In December 2007, the FASB issued an accounting standard
codified in ASC 805, Business Combinations (formerly
FAS No. 141(R)). ASC 805 establishes principles and
requirements for how an acquirer in a business combination
recognizes and measures in its financial statements the
identifiable assets acquired, the liabilities assumed, and any
controlling interest; recognizes and measures the goodwill
acquired in the business combination or a gain from a bargain
purchase; and determines what information to disclose to enable
users of the financial statements to evaluate the nature and
financial effects of the business combination.
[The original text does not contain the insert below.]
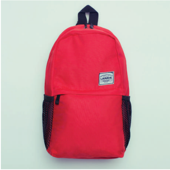
PRODUCT CODE_ LSCB11445-CTISV-2 | COLOUR_RED

ASC 805 is to be
applied prospectively to business combinations for which the
acquisition date is on or after an entitys fiscal year
that begins after December 15, 2008. We will assess the
impact of ASC 805 if and when a future acquisition occurs.
In November 2007, the EITF issued an accounting standard
codified in ASC 808, Collaborative Arrangements (formerly
EITF 07-1).
Companies may enter into arrangements with other companies to
jointly develop, manufacture, distribute, and market a product.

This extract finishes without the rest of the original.